» **YOUR TASK**:
Type out the data exactly as given. Skip any image.
** Opening INPUT DATA block **
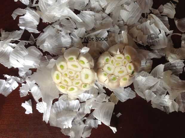 Primero lo primero: tomar ajo fresco duro en su tienda. Suave, brotes de ajo no es bueno (ver última foto).
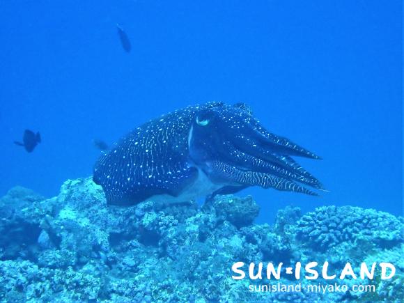 ウミウシなどを探しながらポイントを周り、棚の上へ行くと大き大きなイカが!!!
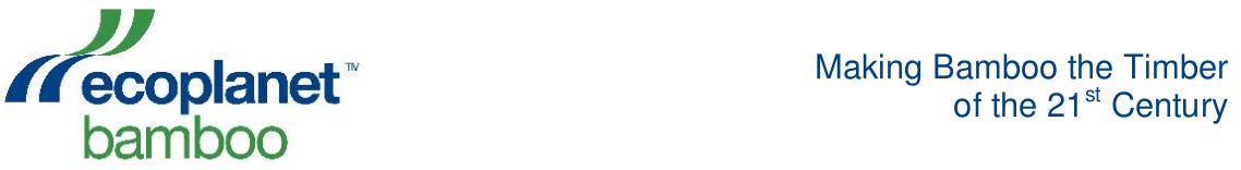 Managed by EcoPlanet Capital Management, LLCCC: David Cox, President and Director EcoPlanet Bamboo (UK) LTD
** Closing INPUT DATA block **
» **ANSWER BELOW**:
 Primero lo primero: tomar ajo fresco duro en su tienda. Suave, brotes de ajo no es bueno (ver última foto).
 ウミウシなどを探しながらポイントを周り、棚の上へ行くと大き大きなイカが!!!
 Managed by EcoPlanet Capital Management, LLCCC: David Cox, President and Director EcoPlanet Bamboo (UK) LTD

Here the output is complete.